TLVS takes over on the flip side. Steady rhythm drumming begins things with a sort of ambient drone. Sharp tones come through in a way of song and then it becomes this big driving march. We get into a breakdown with cymbal crashes and this all begins to remind me of post rock, as TLVS tends to do. Big, distorted guitar riffs cut through and then we're back into that melodic post rock vibe.
There is almost a country rambling part when the first TLVS song comes to an end. Big distortion takes us right into "The Shrine Of The Infant Jesus Of Prague" and there are such lovely guitar structures within here.
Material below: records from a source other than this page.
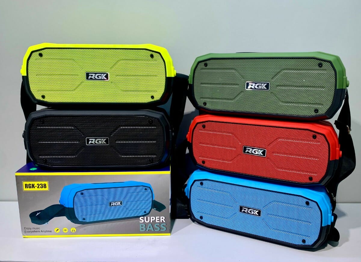 Ασύρματο ηχείο Bluetooth RGK238 με υψηλής ποιότητας ήχο και λουράκι για εύκολη μεταφορά.Χαρακτηριστικά:Ισχύς: 12WΜέγεθος ηχείου: 78mmBluetooth 5.0Μπαταρία: 1800mAh / 3.7VΧρόνος φόρτισης: 3 ώρεςΧρόνος λειτουργίας: έως 4 ώρεςΤάση φόρτισης: 5V / 1AΣυχνότητα: 90Hz-20KHzSNR: 80dbΔιαστάσεις: 30 x 9.5 x 12cm
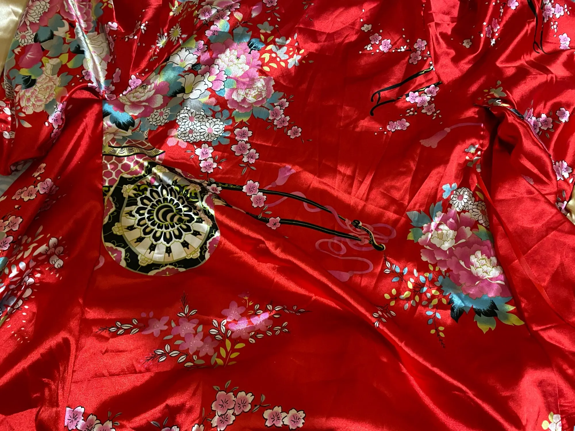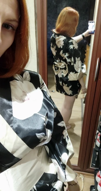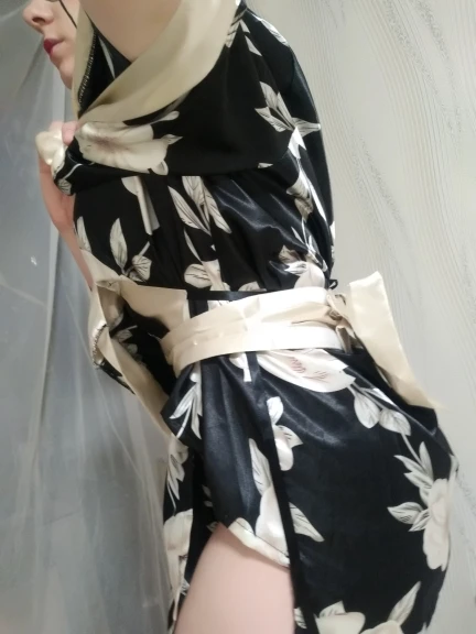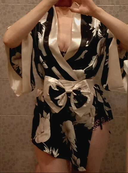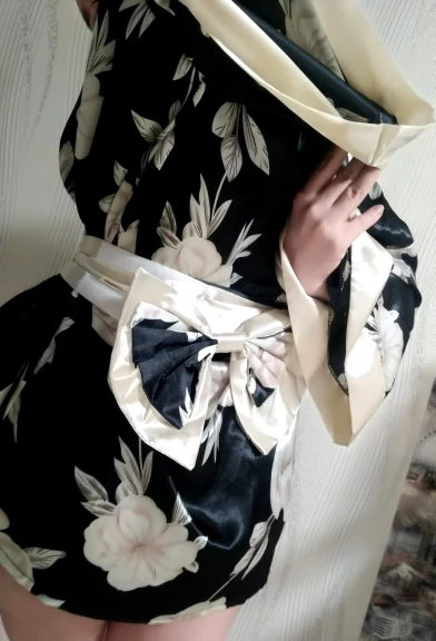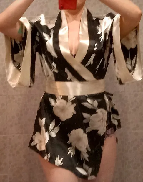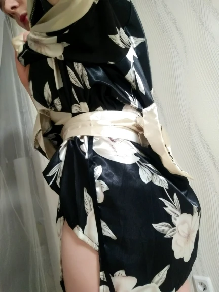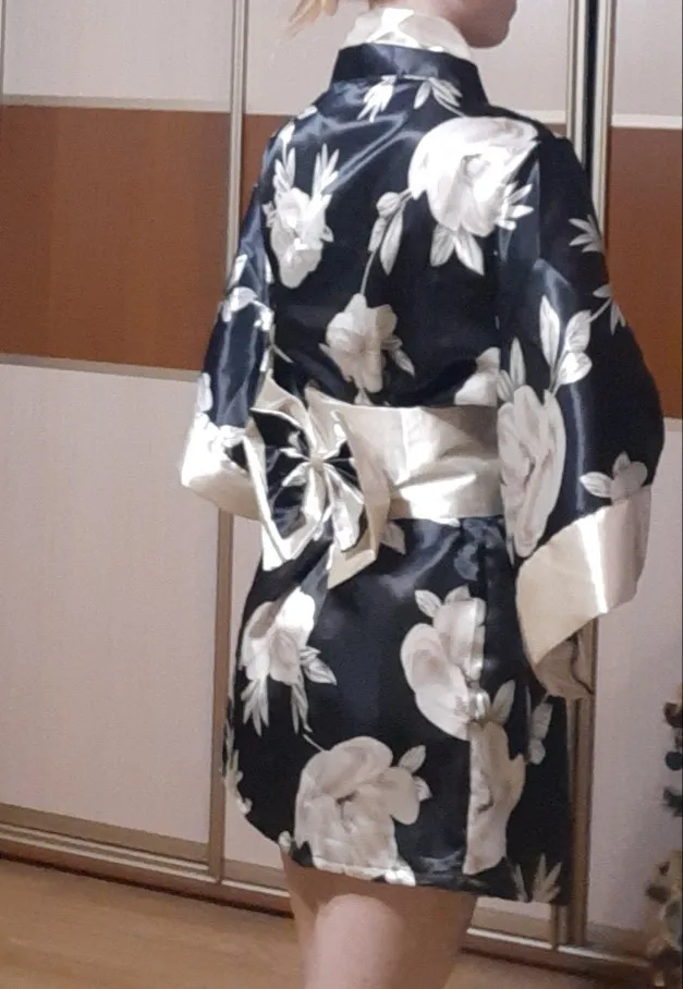 На рост 172 длина как на фото ниже (ну то есть дальше спальни в таком не выйдешь), если поднять руки, то по сути видны все причинные места. Внутри под подмышками и с краёв есть подвязочки, за счёт которых кимоно не развязывается. Пришлось их, правда, перешить на немного другое место из-за отсутствия должного размера груди. Ткань приятная, было бы чуть подлиннее, то был бы балдёж полный
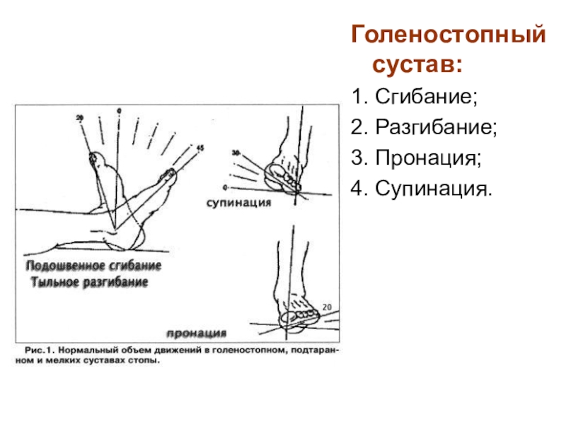 7. Движения в суставах свободной нижней конечности (тазобедренный, коленный, голеностопный, большеберцово-малоберцовые, голеностопный, плюсне-предплюсневые, плюсне-фаланговые, межфаланговые).
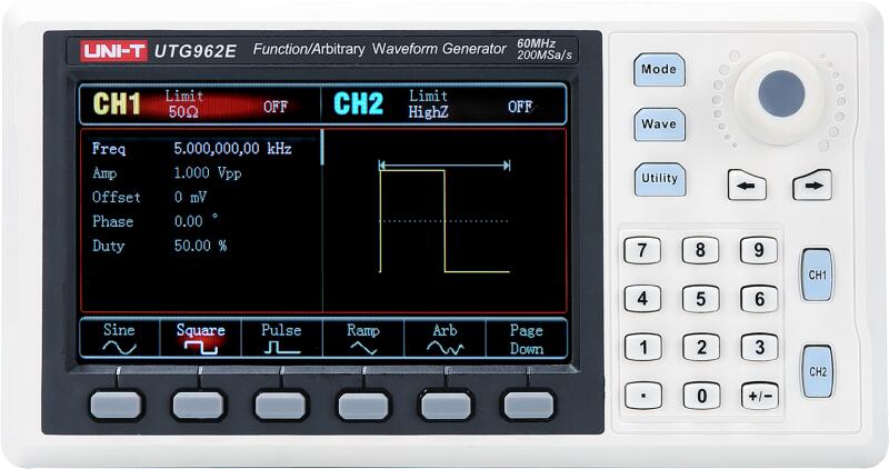 ---------- FREQUENCIA JELLEMZŐK ----------- Szinusz: 1 Hz~60 MHz Kvadratúra: 1 Hz~20 MHz Impulzus: 1 Hz~20 MHz Ramp: 1 Hz~400 kHz DC:

You can feel the FNL and then faster paced drumming takes us into the third song, "Honey From Every Wind". Sweet tones come through like blissed keys and then the big guitars return as well. Fast drums swirl as the guitars fade out and I can hear some guitars by the end which remind me of bagpipes.
What I really love about this cassette is that it's mostly instrumental and so both sides can feel similar as they explore a similar amount of energy but they seem to go about it in different ways. Powerviolet has more of a synth-based dance rock whereas TLVS replaces that dance with a drive and the synth with the guitars. Either way though, this cassette is fun to put on when you have a purpose- whether on a roadtrip or just trying to get chores done around the house- because it can keep you moving.